Proxmox Cluster with Ceph need help to add new machines

DanielB.

New Member
Oct 22, 2021
4
0
1
58
Hi all,

here are my same post from the german forum. Maybe anyone here can help me.

Hello all,

we are testing Proxmox Cluster (version 7.0) incl. Ceph (16.2) in a small environment, because we would like to use this productively.

We have the following as-is state.

Cluster of 3 nodes in HA network incl. Ceph installation. Everything is running fine so far.

In the first test we simulated a defective machine from the 3 node cluster.
We then replaced this defective machine with a new node. We managed to get the cluster running stable and Ceph did not have any errors according to the overview page.

In the next step we tried to simulate a failure of 2 nodes in the sense that the machines have to be replaced.

We proceeded as in the first scenario, with the only difference that the Ceph installation on a new machine did not go through cleanly. It downloaded the packages but lost the connection before we could go to configuration. Ceph Storage reports "unknown" on all nodes and a test container won't boot because it is on the Ceph Storage.

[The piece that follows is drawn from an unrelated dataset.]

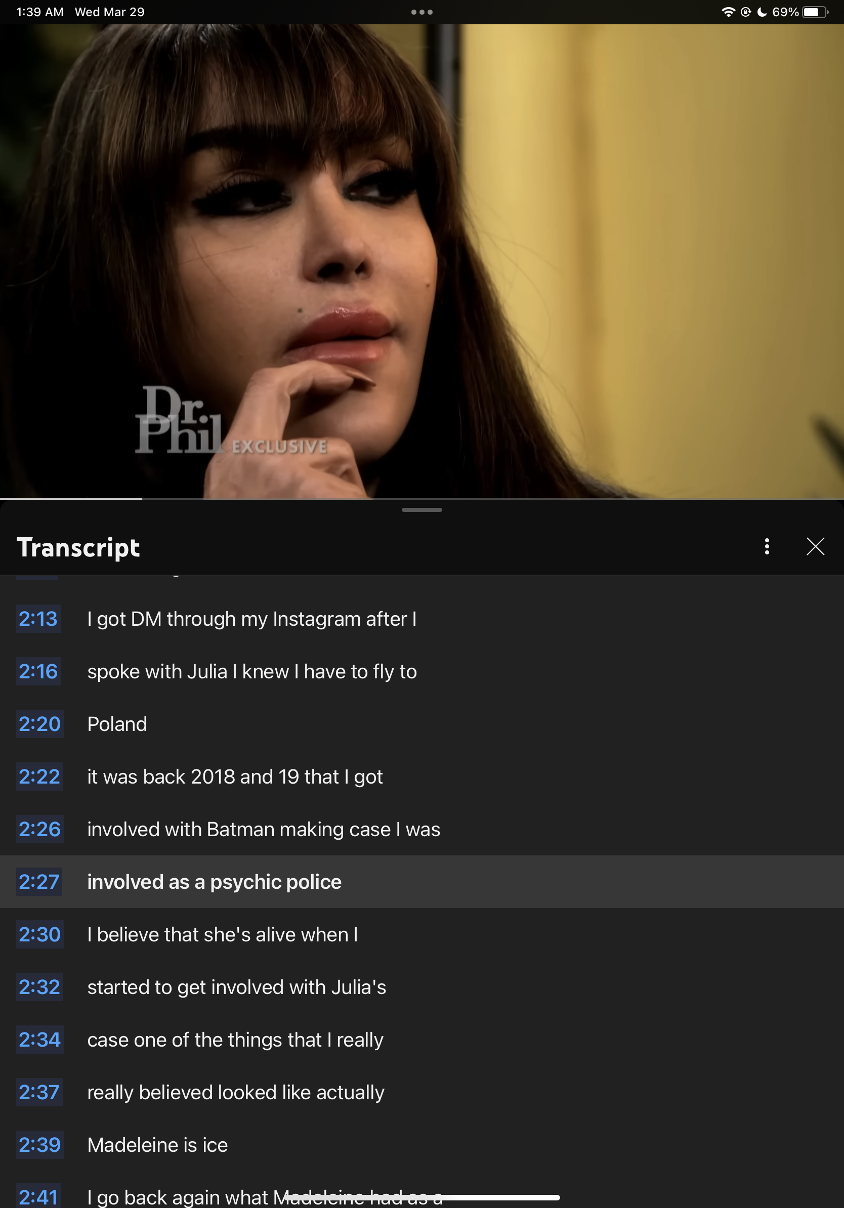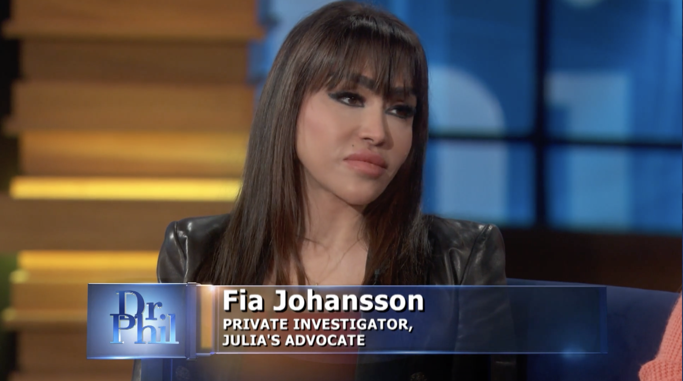 Mise à jour du 28/29 mars 2023.Fia Johansson et Julia étaient invitées dans l’émission de Dr. Phil du 27 mars 2023. Cela ne s’est pas déroulé comme une victoire pour les deux femmes. Dr. Phil les a interrogées très sceptiquement. Quelques captures d’écran pour donner une idée: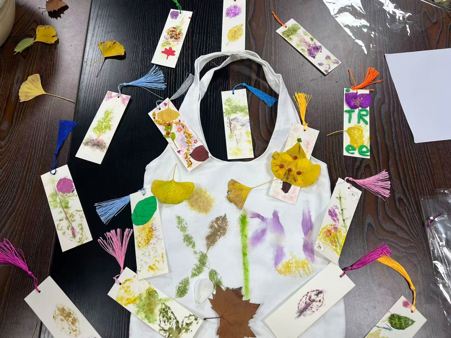 活動(dòng)前期,手工小導(dǎo)師毛姍妮同學(xué)精心籌備,提前收集校園內(nèi)形態(tài)各異的銀杏葉、梧桐葉等落葉及花瓣,并準(zhǔn)備了書簽、拓印工具、顏料等材料,為同學(xué)們營(yíng)造了沉浸式的手工創(chuàng)作環(huán)境。

Means we have now in our simulation 2 defective machines from which one was already taken out of the cluster + 1 machine (No.5) with half-baked Ceph state.

In total there are 3 nodes in the cluster. Where no container can be started anymore.

We then tried on machine no.5 to uninstall Ceph using pveceph purge command. Here is the output:
"Error gathering ceph info, already purged? Message: rados_conf_read_file failed - Invalid argument
Error gathering ceph info, already purged? Message: rados_conf_read_file failed - Invalid argument
Foreign MON address in ceph.conf. Keeping config & keyrings"

We also get the message: "rados_conf_read_file failed - Invalid argument" when we call the Ceph interface in the Proxmox GUI.

Our questions now would be:

1. how do we get the cluster running again without reinstalling everything?
2. how do we get a Ceph installation that did not run cleanly repaired (reinstalled) or uninstalled?
3. is there a disaster recovery guide for a Proxmox cluster installation including Ceph and HA groups that describes the correct procedure?

So far we have only found snippets of documentation e.g. Adding or Removing Node but no best practice.

Thanks for the help.
 
When you have lost two MONs out of three in your Ceph cluster you can only recover by manually editing the MON map. This is a very bad situation and should be avoided. You need at least a majority of running MONs to have a working cluster (2 of 3, 3 of 5, etc.).